In order to further understand the charge and discharge cycle performance of the supercapacitor obtained in the preparation example, each of the supercapacitor and the prior art lithium ion battery (as a comparative example) is fully charged, fully discharged, and the above charging and discharging operation is repeated multiple times. . As shown in the sixth and seventh figures, each charge and discharge operation represents a charge and discharge cycle. According to these figures, it can be inferred that the charging energy density and the discharge energy density measured by the supercapacitor in each charge and discharge cycle are consistent. According to these figures, it can be inferred that the charging energy density and the discharge energy density measured by the supercapacitor in each charge and discharge cycle are superior to those of the prior art lithium ion battery measured in each charge and discharge cycle. Discharge energy density. These results indicate that the supercapacitor obtained in the preparation example has a relatively high capacitance and a relatively excellent charge and discharge cycle efficiency.

Combining the above embodiments, the supercapacitor device of the embodiment of the present invention was confirmed There are electrical performances superior to and/or equivalent to prior art supercapacitors and batteries. The inventors have speculated that this electrical performance is caused by the fact that the electrode is not added with a binder to reduce its impedance.

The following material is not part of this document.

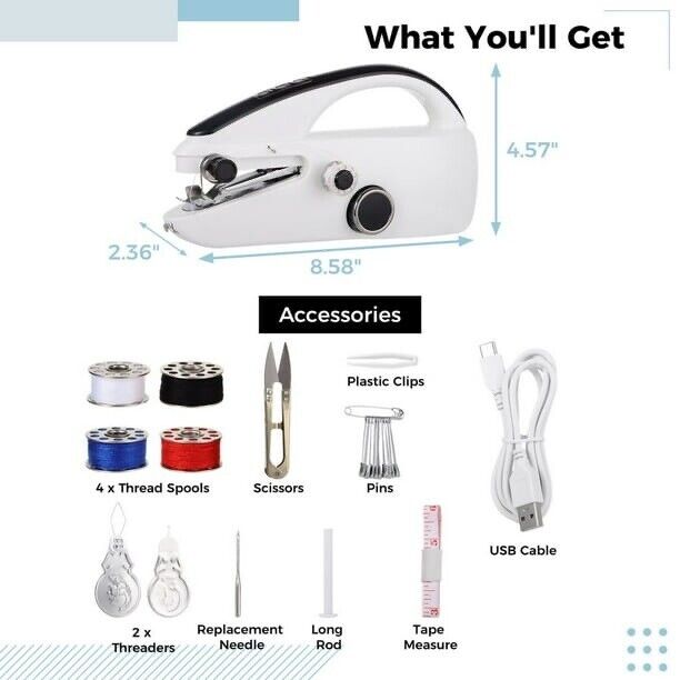 This machine comes with a comprehensive kit that includes essential accessories like thread spools, cutting scissors, clips, pins, a USB charging cable, needle threaders, a spare needle, a long extension rod, and a measuring tape, providing everything required for a hassle-free sewing journey.

However, the above is only a preferred embodiment of the present invention, but it is not intended to limit the scope of the present invention; therefore, the simple equivalent improvement and modification made by the scope of the present invention and the contents of the description of the invention, All remain within the scope of the invention patent.

(1) ‧‧‧Upper electrode

(11)‧‧‧Active carbon shell

(12) ‧‧‧Graphite fiber core

(2) ‧‧‧ lower electrode

(3) ‧ ‧ electrolytes

(4) ‧‧‧Packing enclosure

Claims (11)

A supercapacitor comprising: a pair of electrodes each having a graphite fiber core and an activated carbon shell coated on the outer surface of the core at an atomic level; and an electrolyte disposed between the pair of electrodes, and a housing contacting each of the electrodes for electrically connecting the pair of electrodes; wherein the housing has a thickness of 1 nm to 50 nm. The supercapacitor of claim 1, wherein the electrolyte is a solid electrolyte. The supercapacitor of claim 1, wherein the electrolyte is a liquid electrolyte. The supercapacitor according to claim 3, further comprising: a separator disposed in the electrolyte and isolating the pair of electrodes to avoid short-circuiting the pair of electrodes. The supercapacitor of claim 2, further comprising: a package outer casing for receiving the pair of electrodes and the electrolyte. The supercapacitor of claim 4, further comprising: a package outer casing for receiving the pair of electrodes, the electrolyte and the separator. The supercapacitor of claim 1, wherein each of the electrodes is formed by an acid cleaning at a high temperature or a plasma induction. The supercapacitor according to claim 1, wherein the core has a diameter of 100 μm. Up to 500 μm. The supercapacitor of claim 4, wherein the separator is a polyalkane nonwoven fabric, a polyvinyl chloride microporous membrane, a microporous hard rubber membrane, or a glass fiber membrane. The supercapacitor according to claim 2, wherein the solid electrolyte has a composition of a conductive polymer or a mixture of a conductive polymer and an ionic compound. The supercapacitor of claim 3, wherein the composition of the liquid electrolyte is a solution of a Group IA metal salt or a molten Group IA metal salt.